Il Piace ai suoi tifosi: parte il piano di azionariato popolare

04 Maggio 2013

Escludendo Roma, Juventus e Lazio, le sole società calcistiche italiane quotate in Borsa, Piacenza si appresta a vivere un’esperienza unica nel suo genere. Parte ufficialmente il piano di apertura del capitale mediante azionariato diffuso; in parole povere, si offre la possibilità ai tifosi di entrare a far parte del nuovo Piace.
La prima fase operativa prevede la sottoscrizione da parte dei soggetti interessati di una lettera d’intenti con la quale, entro il 31 maggio, ma potrebbe esserci una proroga, si raccoglieranno le adesioni.

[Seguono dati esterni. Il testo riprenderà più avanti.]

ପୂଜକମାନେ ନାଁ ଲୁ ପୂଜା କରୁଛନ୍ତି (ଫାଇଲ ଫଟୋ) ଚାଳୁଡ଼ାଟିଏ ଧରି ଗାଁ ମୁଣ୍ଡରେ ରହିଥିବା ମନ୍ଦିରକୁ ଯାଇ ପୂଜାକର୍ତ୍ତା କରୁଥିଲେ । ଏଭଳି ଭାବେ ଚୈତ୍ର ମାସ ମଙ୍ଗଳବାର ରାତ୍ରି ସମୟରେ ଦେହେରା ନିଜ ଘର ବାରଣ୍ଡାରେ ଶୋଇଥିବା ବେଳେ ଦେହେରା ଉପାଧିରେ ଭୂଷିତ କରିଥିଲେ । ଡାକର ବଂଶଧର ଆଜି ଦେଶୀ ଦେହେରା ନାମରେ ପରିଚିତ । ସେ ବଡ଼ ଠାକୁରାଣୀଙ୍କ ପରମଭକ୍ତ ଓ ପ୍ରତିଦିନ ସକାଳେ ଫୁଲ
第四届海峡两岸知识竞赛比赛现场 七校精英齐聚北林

Quale lo scenario futuro? La famiglia Gatti rimarrebbe proprietaria della maggioranza delle quote, il Salva Piace, soggetto nato in estate per la gestione post- fallimento, conferirebbe il marchio, mentre istituzioni, imprenditori e tifosi con la loro sottoscrizione, diventerebbero parte integrante del nuovo corso societario per la quota residua. Si cerca di dare ulteriore slancio al legame città e Piacenza Calcio.

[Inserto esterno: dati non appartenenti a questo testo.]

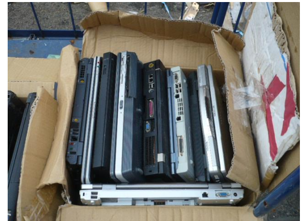
シップバックされた貨物の写真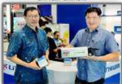
Bersama Hermawan ABC Lithium Battery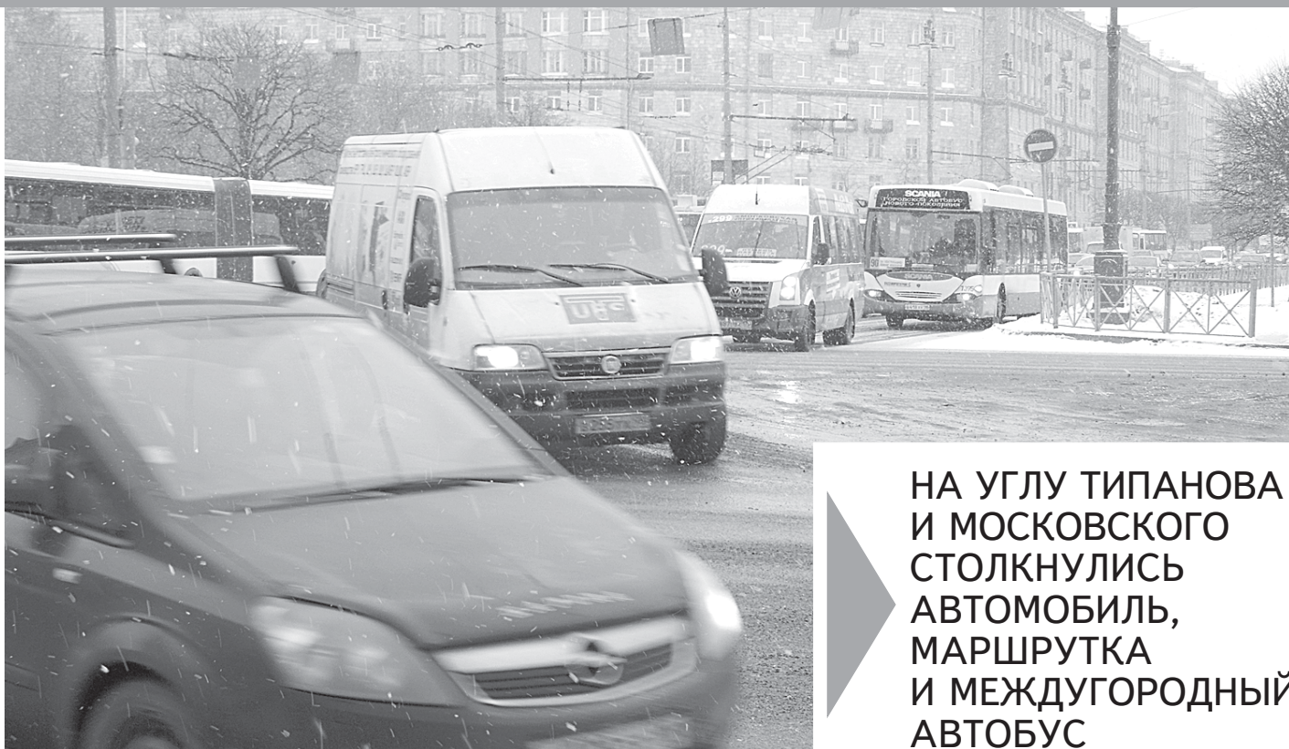
Перекресток улицы Типанова и Московского проспекта давно снискал дурную славу.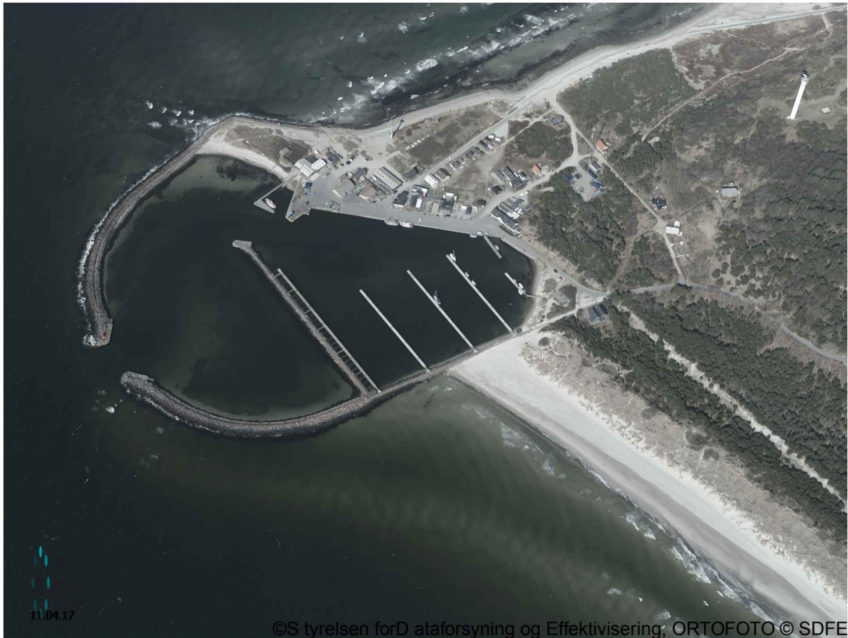
Området set fra syd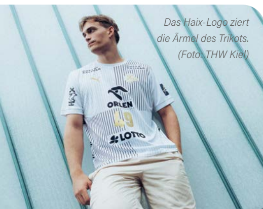
Das Haix-Logo ziert die Ärmel des Trikots.

Das süddeutsche Funktionsschuhhersteller Haix engagiert sich ab sofort als Teamsponsor für den viermaligen Handball-Champions-League-Sieger THW Kiel. Künftig wird das Haix-Logo das Warm-up-Shirt und den Ärmel des Champions-League-Trikots der Kieler Handballer zieren. Neben dem Trikotärmel wird Haix auch mit einem Spot auf der LED-Bande sowie mit einem Bodenaufkleber auf dem Hallenboden präsent sein. Darüber hinaus sind mit dem neuen Teamsponsor des THW Kiel unter anderem Vor-Ort-Aktionen und digitale Einbindungen geplant. Haix ist ein 1948 gegründetes Unternehmen mit Sitz im bayrischen Mainburg. Die Firma stellt Funktionsschuhe und -bekleidung her, die international von 2.300 Mitarbeitern entwickelt, produziert, vermarktet und vertrieben werden. Die Herstellung findet ausschließlich in den europäischen Ländern Deutschland, Kroatien und Serbien statt.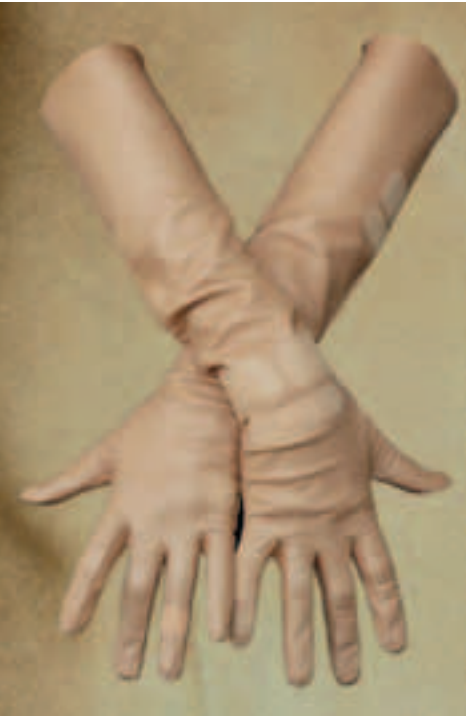
SKINOVER by SILVIA B Guantes The Wounded Model <skinover.biz>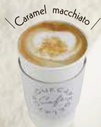
キャラメルマキアート 焦糖玛琪朵 ¥480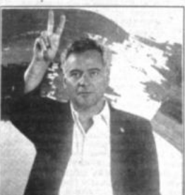
c. LIC. GONZALO SANCHEZ DE LOZADA Jefe Nacional del M.N.R.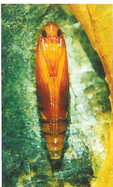
7. Im Kokon frei liegende hellbraune, walzenförmige, 3-5 mm lange Puppe der Roskastanien-Miniermotte. Der Kokonboden ist mit einem weißlichem Gespinnst ausgekleidet (vgl. Abb. 6, rechtes Bild).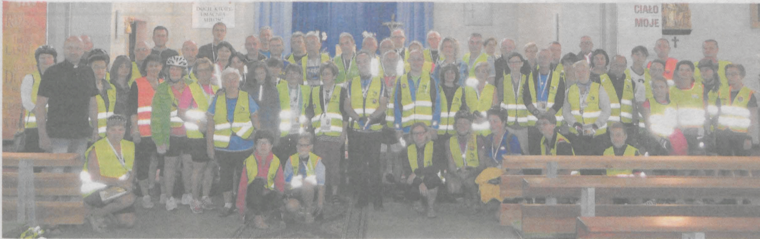
Fot. Lidia Sokowicz

Centoventimila euro la quota di sottoscrizioni da raggiungere attraverso azioni dal valore nominale di 200 euro. Ci saranno pure pacchetti di azioni che garantirebbero ai sottoscrittori di godere di importanti agevolazioni. Le adesioni saranno raccolte presso la sede sociale di via Millo, sui canali web autorizzati e al Piace Point, un punto di riferimento della società biancorossa che, a brevissimo, sarà allestito in centro città.
Tifosi sempre più protagonisti dunque e, nelle prossime ore, sarà svelato l’esito del sondaggio di Libertà con il quale proprio i supporters biancorossi hanno scelto il nuovo nome del Piace, tra le tre opzioni possibili.